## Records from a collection
__________________________________________________
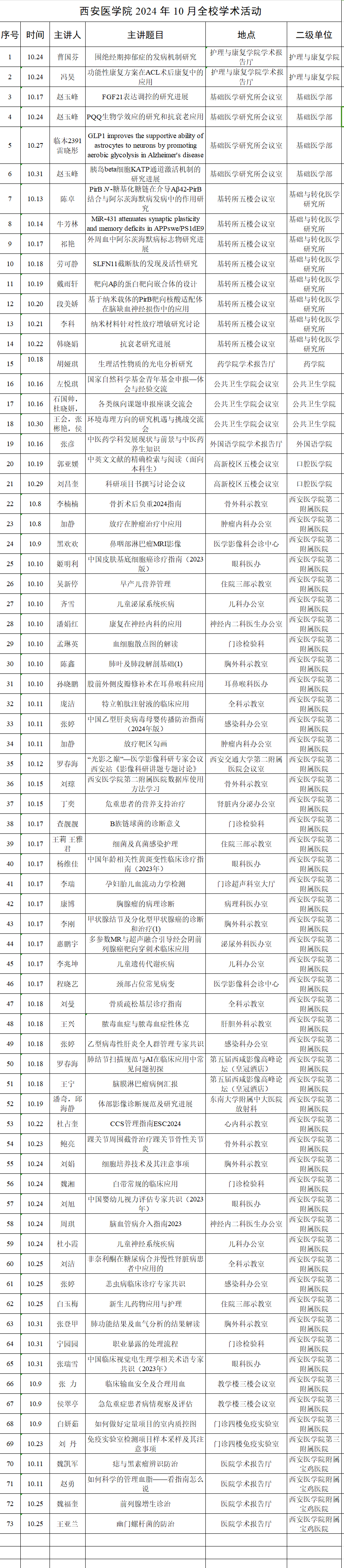 2024年度10月西安醫(yī)學(xué)院學(xué)術(shù)講座擬安排
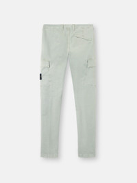 Cargo chino pants in organic cotton stretch broken twill, featuring flat cargo pockets and asymmetrical seams. Garment dyed with the “OLD” treatment for a slightly worn appearance. FABRIC RESEARCH AND TREATMENT Cargo chino pants in organic cotton broken twill with stretch. Garment dyed with the “OLD” treatment, an exclusive dyeing treatment and subsequent fading on the finished garment for a slightly worn and three-dimensional appearance. STYLE AND FIT Angled hand pockets. Flat cargo pockets with angled flap and concealed double snap. Back pocket with fixed flap and concealed snap. Stone Island badge on left leg. Shaped knees. Asymmetrical seam construction. Reinforced inner waistband with contrast lining. Zipper fly and button fastening. Skinny fit. COMPOSITION AND CARE 98% Cotton 2% Elastane / Spandex
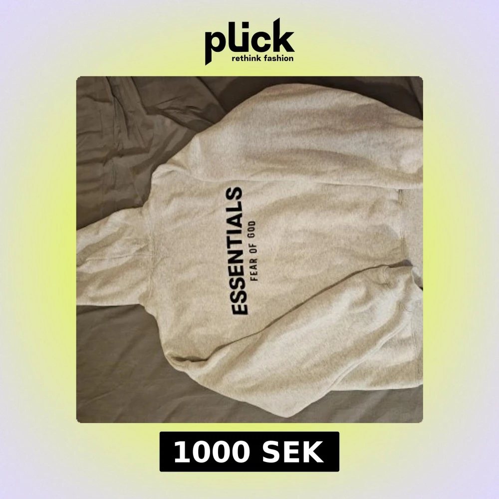 Säljer en grå hoodie från Essentials Fear of God med svart tryck både fram och bak. Klassisk känguruficka, huva och lång ärm. Perfekt för dig som gillar streetwear och vill ha en clean look.
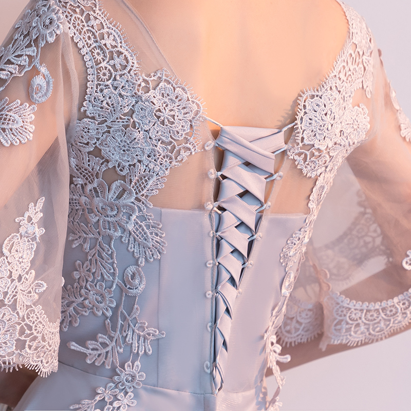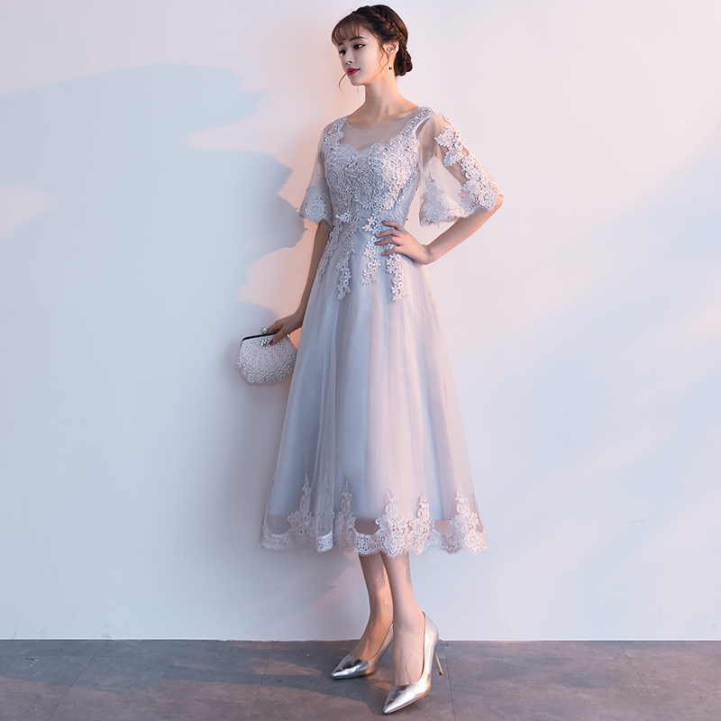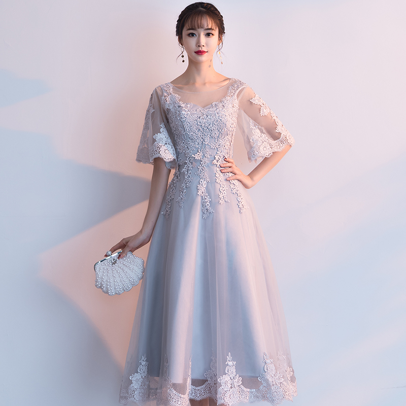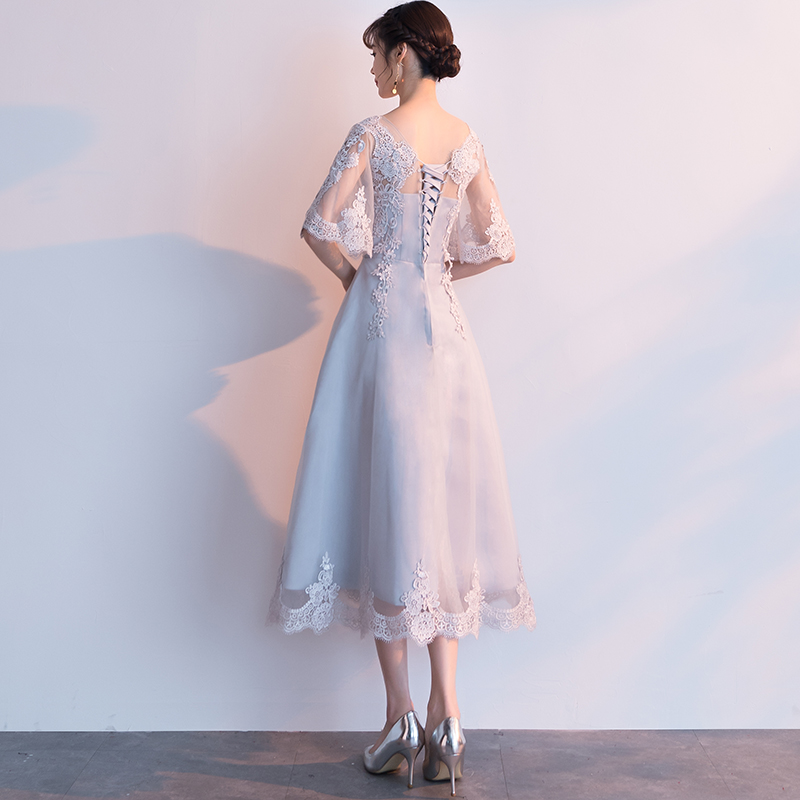 Fleepmart New Arrival Gery Luxury O-Neck Half Sleeve Embroidery Lace up Evening Dresses A-line Tea Length Formal Dress
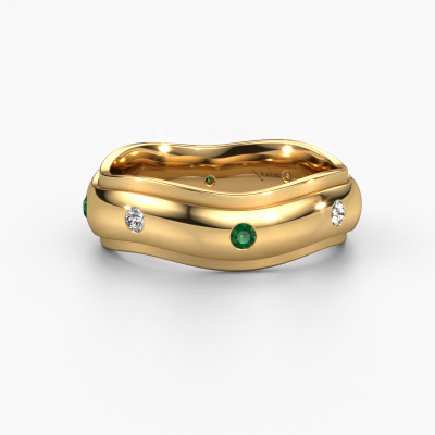 What a perfect combination of two different precious metals. They seem to reinforce each other in the modern design of this ring! Our goldsmith would be honoured to create a unique ring for you, customized to your liking. Each ladies wedding ring we offer is artfully crafted by hand in our own artisan studio. That makes it possible for us to turn modern into reality and helps create your own personal ring, customized to your style. This modern WH2051L26DP ladies wedding ring is set with round emerald, is ±0.24 in wide and has a mat/shiny finish.
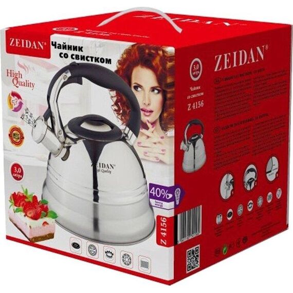 Чайник со свистком, 3,0 л, нержавеющая сталь, КАПСУЛИРОВАННОЕ ИНДУКЦИОННОЕ ДНО, КУРКОВЫЙ МЕХАНИЗМ, комбинированная полировка корпуса, фиксированная комбинированная ручка. Подарочная упаковка с пластиковой ручкой.
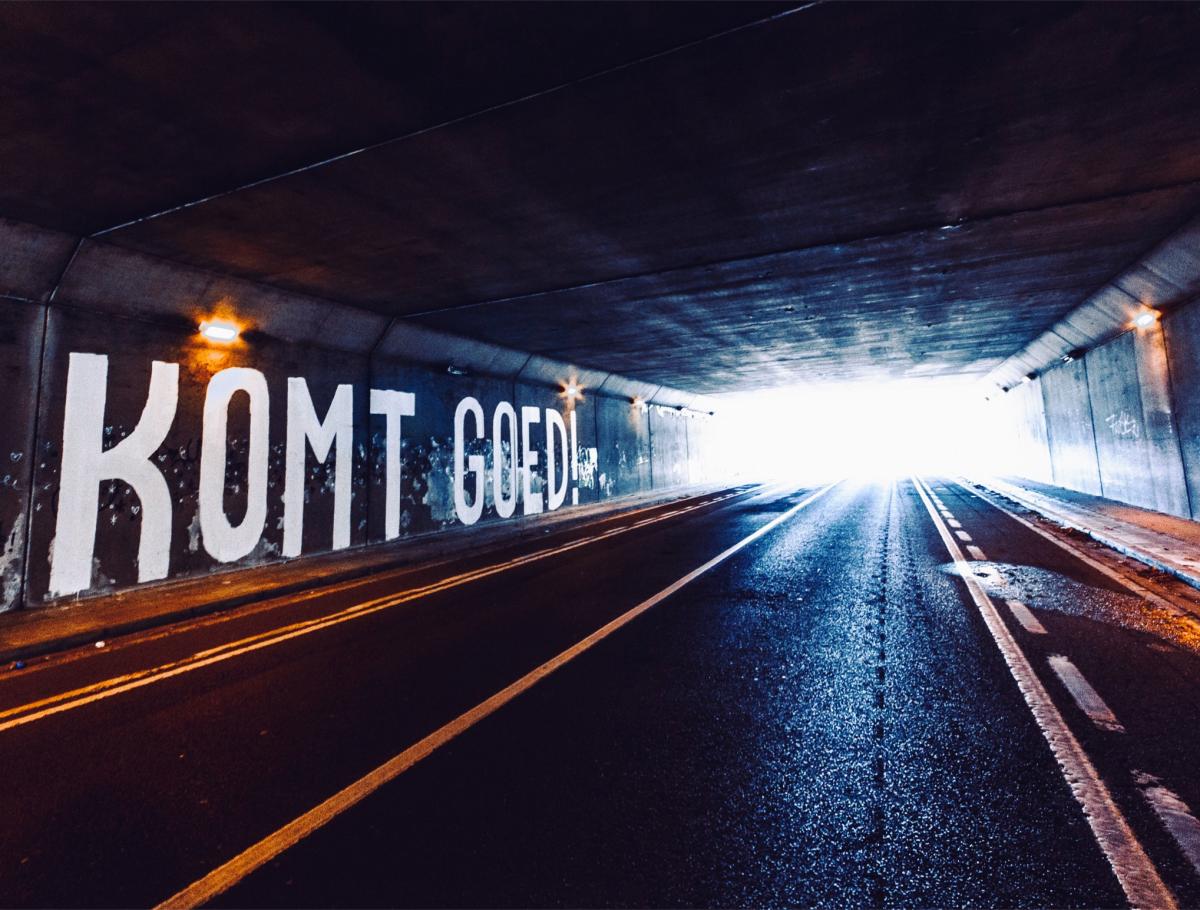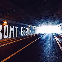 Boodschap in de tunnel die leidt naar UZ Gasthuisberg, Leuven, het grootste ziekenhuis van België
__________________________________________________
An exact copy is required of the lines from the start of the records above through the line with "Cargo chino pants in organic cotton stretch", and only those, without any pictures.

## Finished task
 2024年度10月西安醫(yī)學(xué)院學(xué)術(shù)講座擬安排
 Cargo chino pants in organic cotton stretch broken twill, featuring flat cargo pockets and asymmetrical seams. Garment dyed with the “OLD” treatment for a slightly worn appearance. FABRIC RESEARCH AND TREATMENT Cargo chino pants in organic cotton broken twill with stretch. Garment dyed with the “OLD” treatment, an exclusive dyeing treatment and subsequent fading on the finished garment for a slightly worn and three-dimensional appearance. STYLE AND FIT Angled hand pockets. Flat cargo pockets with angled flap and concealed double snap. Back pocket with fixed flap and concealed snap. Stone Island badge on left leg. Shaped knees. Asymmetrical seam construction. Reinforced inner waistband with contrast lining. Zipper fly and button fastening. Skinny fit. COMPOSITION AND CARE 98% Cotton 2% Elastane / Spandex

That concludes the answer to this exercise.